Extract everything between 2 strings in snowflake using regular expression

133 views Asked by At

I have a json like below stored in col1 of a snowflake table table1 from which I want to extract the dump portion into a column dump in a snowflake table table2. I am trying to use regular expression to do it using regexp_substr but am not able to form the correct pattern.

TABLE1.COL1
------------
...
"c_n": "abc",
  "dump": {
    "d_k": "c_s_s",
    "d_v": "{\"abc\":null,\"efg\":3,\"mrc\":3,\"er\":3,\"ff\":{\"ie\":false},\"slm\":false,\"sld\":false,\"lang\":\"hi\"}",
    "date": "20001111112720",
    "fs": "i_t",
    "id": 0000,
    "i_c": null,
    "i_l": null,
    "prof": 0,
    "s_t": "2000-09-11 10:27:20.450924",
    "s_i": "abc57fhg",
    "src": "test_*"
  },
  "ec": "p-ap-p-cl",
...

The logic I am applying is to extract everything in between "dump": and ,"ec" so that I can get below output:

TABLE2.DUMP
------------
{
    "d_k": "c_s_s",
    "d_v": "{\"abc\":null,\"efg\":3,\"mrc\":3,\"er\":3,\"ff\":{\"ie\":false},\"slm\":false,\"sld\":false,\"lang\":\"hi\"}",
    "date": "20001111112720",
    "fs": "i_t",
    "id": 0000,
    "i_c": null,
    "i_l": null,
    "prof": 0,
    "s_t": "2000-09-11 10:27:20.450924",
    "s_i": "abc57fhg",
    "src": "test_*"
  }

Can someone please help in building the correct regular expression for this use case as I am fairly new with using regexp family of functions.
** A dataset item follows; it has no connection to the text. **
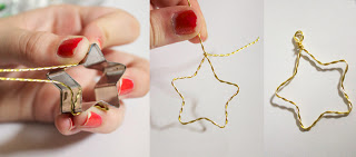 Step 2: Cut about a foot of your gold wire. Twist it like in my UO Heart Necklace (below) but DO NOT fold in half into a “V”. Instead, form around your cookie cutter, and with the excess wire create a top wrapped loop. Cut flush. Make 8 stars.
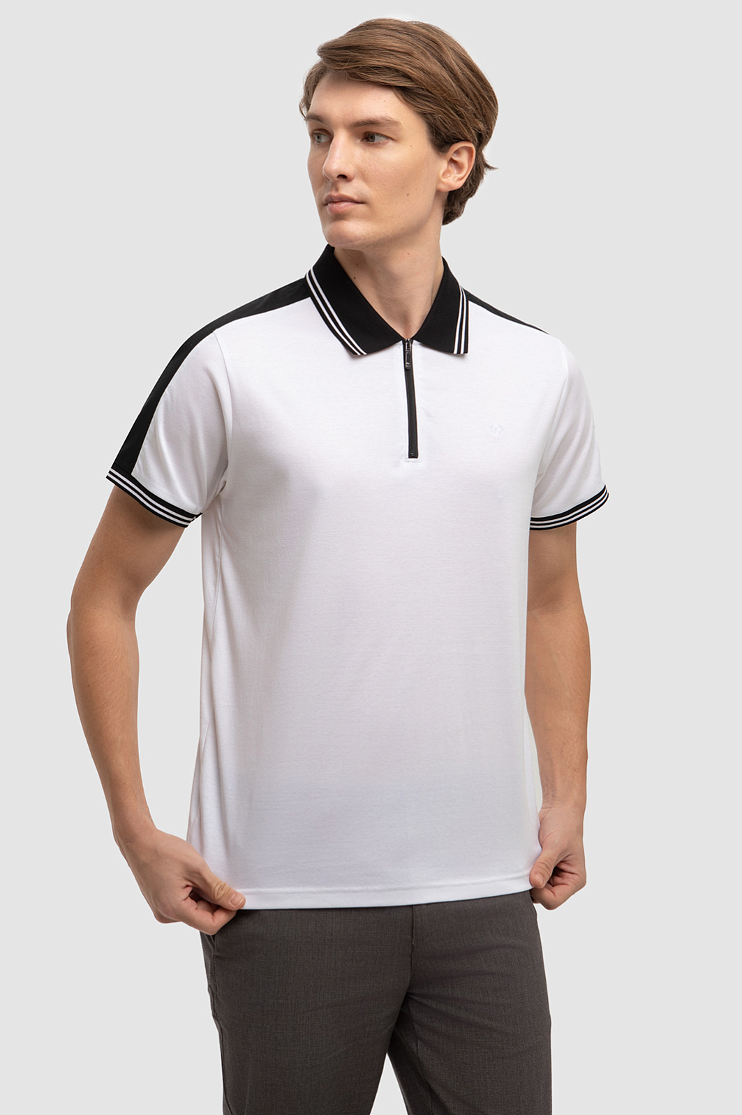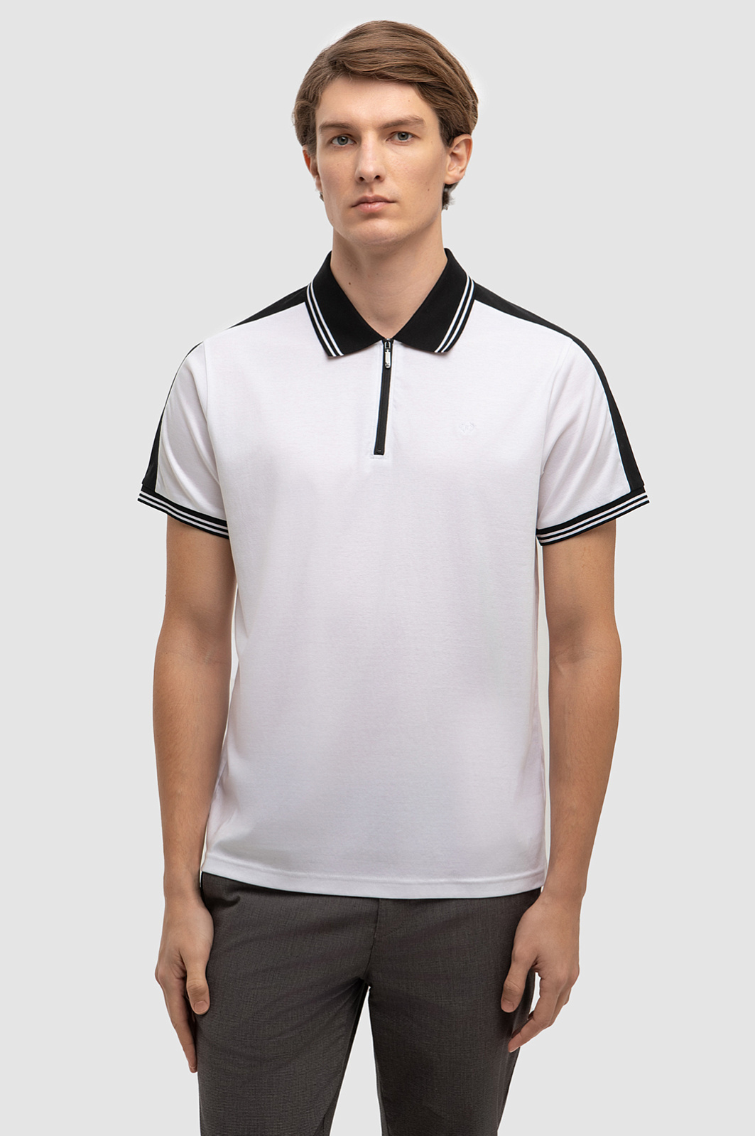 Поло с отложным воротником - главный фаворит современной моды, ставший классикой мужского гардероба. Белоснежное поло прямого кроя выглядит ярче и графичнее благодаря отделке черным цветом на воротнике, рукавах и манжетах изделия. Благородное черно-белое сочетание смотрится демократично и гармонично сочетается как с кежуал джинсами, так и с более деловыми моделями брюк. Дизайнеры выполнили модель из мягкого, прочного, но легкого и приятного на ощупь натурального хлопка. Поло KANZLER надолго сохраняет безупречный внешний вид, позволяя коже дышать. В качестве дополнительного декора - молния с фирменной буквой K. Параметры модели: рост 191, 97-77-99 Размер на модели: M

Many thanks in advance!

2

There are 2 answers

0
demircioglu On

The example data is not a valid json so json parsing will not work if the source data is formatted like the example.

This can be achieved with SUBSTRING and CHARINDEX assuming "ec" always follows "dump"

WITH table1 (col1) AS (
SELECT * FROM VALUES
('{"c_n": "abc",
  "dump": {
    "d_k": "c_s_s",
    "d_v": "{\"abc\":null,\"efg\":3,\"mrc\":3,\"er\":3,\"ff\":{\"ie\":false},\"slm\":false,\"sld\":false,\"lang\":\"hi\"}",
    "date": "20001111112720",
    "fs": "i_t",
    "id": 0000,
    "i_c": null,
    "i_l": null,
    "prof": 0,
    "s_t": "2000-09-11 10:27:20.450924",
    "s_i": "abc57fhg",
    "src": "test_*"
  },"ec": "p-ap-p-cl"
  }'))
)
SELECT SUBSTRING(col1,
            -- position of dump
            CHARINDEX('"dump": {', col1) + 8, 
            -- length of the string between dump and ec
            NULLIF(CHARINDEX(',"ec":', col1), 0) - (CHARINDEX('"dump": {', col1) + 8) 
        ) AS dump_section
FROM table1

The above SQL assumes the line with ec is formatted as ,ec per the question even though provided sample doesn't follow this.

0
Simeon Pilgrim On

So if I alter the json, to not have the "prior" and "later" rowss, and escape the slashes, so the SQL parser correctly leaves those in the stringified "d_v"

and thus can parse this as JSON, I can then just "access" the JSON element, and not assume the JSON which does not define order of member as important, will just work (tm):

select 
    parse_json($1) as col1
    ,col1:dump as dump
from values
('{"c_n": "abc",
  "dump": {
    "d_k": "c_s_s",
    "d_v": "{\\"abc\\":null,\\"efg\\":3,\\"mrc\\":3,\\"er\\":3,\\"ff\\":{\\"ie\\":false},\\"slm\\":false,\\"sld\\":false,\\"lang\\":\\"hi\\"}",
    "date": "20001111112720",
    "fs": "i_t",
    "id": 0000,
    "i_c": null,
    "i_l": null,
    "prof": 0,
    "s_t": "2000-09-11 10:27:20.450924",
    "s_i": "abc57fhg",
    "src": "test_*"
  },
  "ec": "p-ap-p-cl"
  }')

dump comes out, just as expected:

enter image description here